WHAT TO DO:
Word for word, restate the data that follows, omitting the images.

GIVEN INFORMATION:
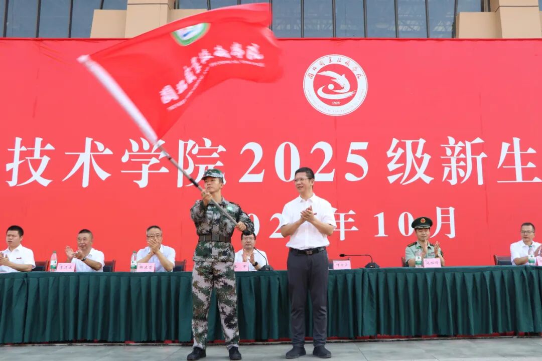 叶世森授旗并宣布2025级新生军训开训。旗帜挥舞,使命在肩,为期两周的军训正式拉开帷幕。
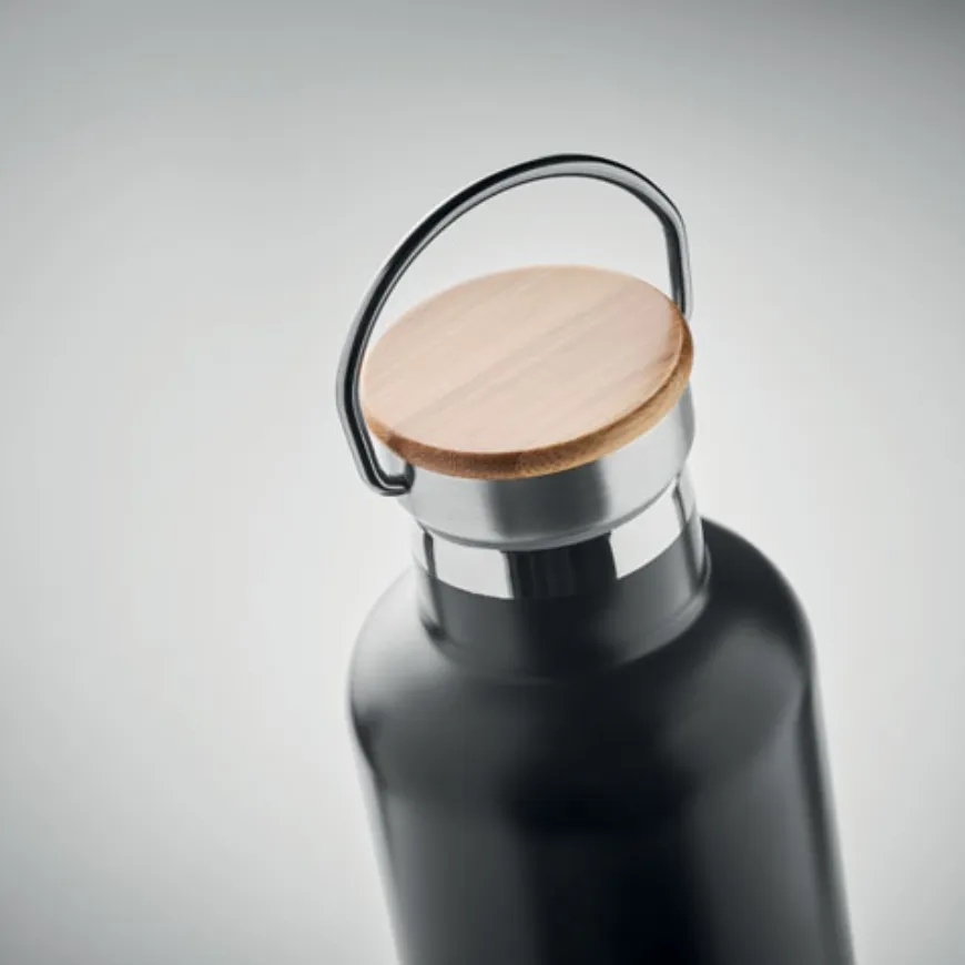 Fabriquée en acier inoxydable, cette bouteille dispose d’une double paroi isolante permettant de conserver efficacement les boissons chaudes ou froides. Elle est équipée d’un couvercle en bambou avec une poignée de transport facilitant son utilisation et apportant une finition naturelle et élégante.
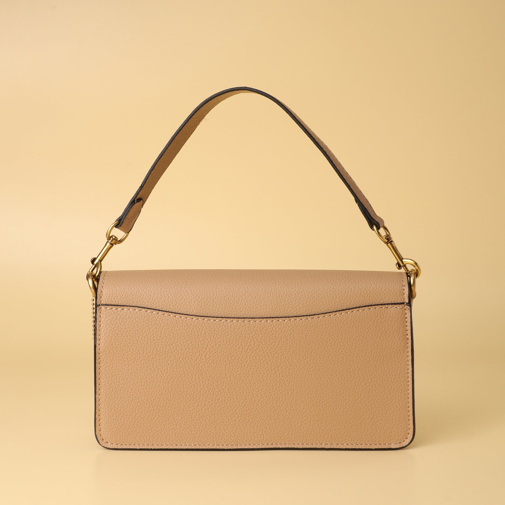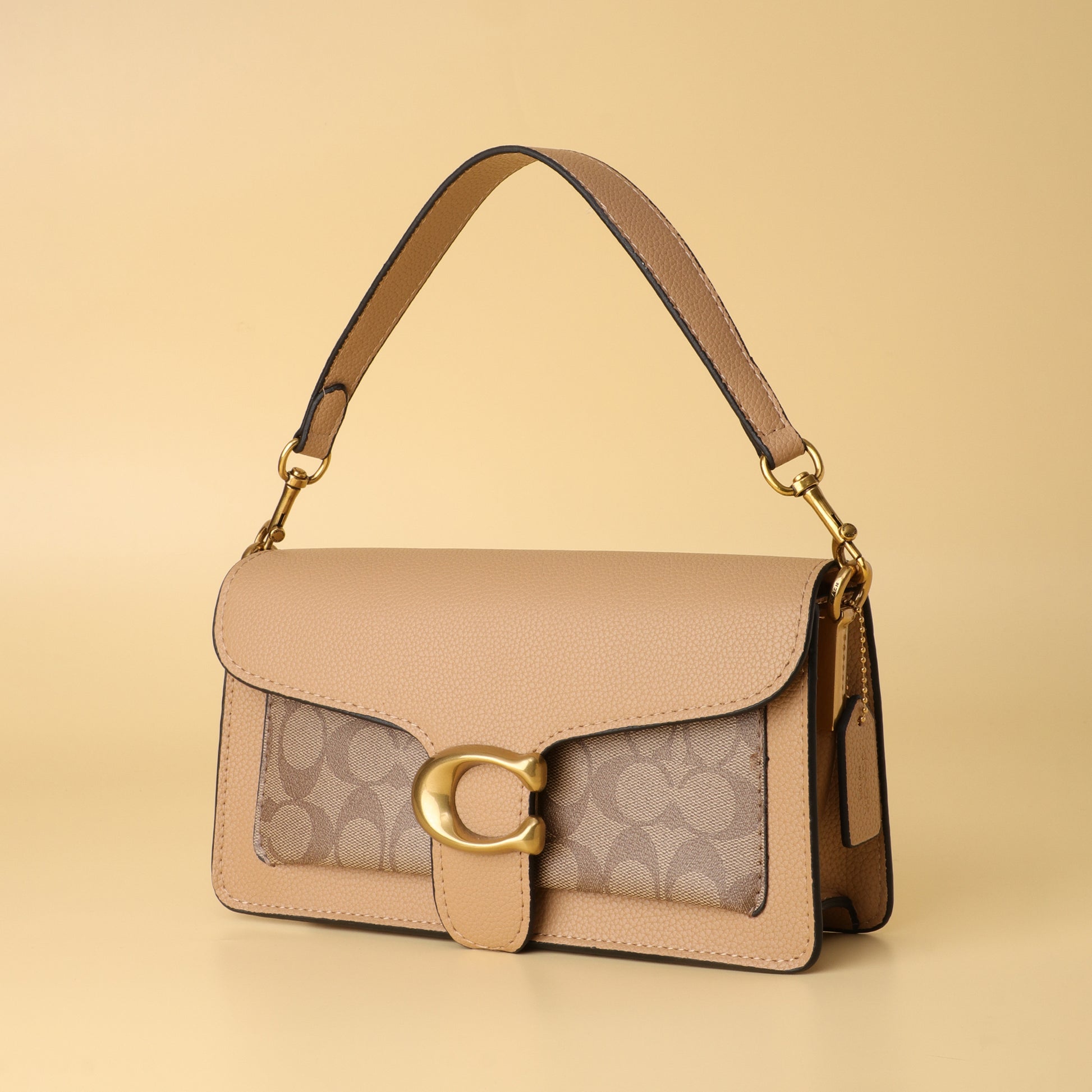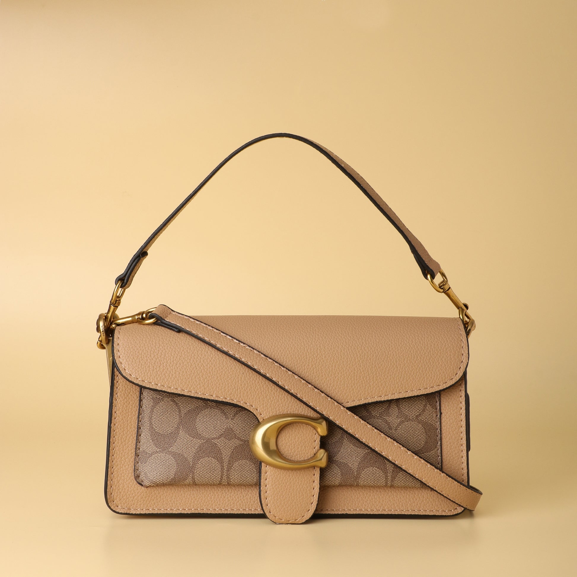 The Coach Signature Tabby Shoulder Bag blends modern minimalism with timeless charm. Crafted in smooth tan leather with the brand’s iconic "C" monogram canvas and finished with a bold gold "C" clasp, this bag is all about understated luxury. The versatile design allows it to be worn with the top handle for a polished look or with the crossbody strap for hands-free ease.

ANSWER TO THIS TASK:
 叶世森授旗并宣布2025级新生军训开训。旗帜挥舞,使命在肩,为期两周的军训正式拉开帷幕。
 Fabriquée en acier inoxydable, cette bouteille dispose d’une double paroi isolante permettant de conserver efficacement les boissons chaudes ou froides. Elle est équipée d’un couvercle en bambou avec une poignée de transport facilitant son utilisation et apportant une finition naturelle et élégante.
 The Coach Signature Tabby Shoulder Bag blends modern minimalism with timeless charm. Crafted in smooth tan leather with the brand’s iconic "C" monogram canvas and finished with a bold gold "C" clasp, this bag is all about understated luxury. The versatile design allows it to be worn with the top handle for a polished look or with the crossbody strap for hands-free ease.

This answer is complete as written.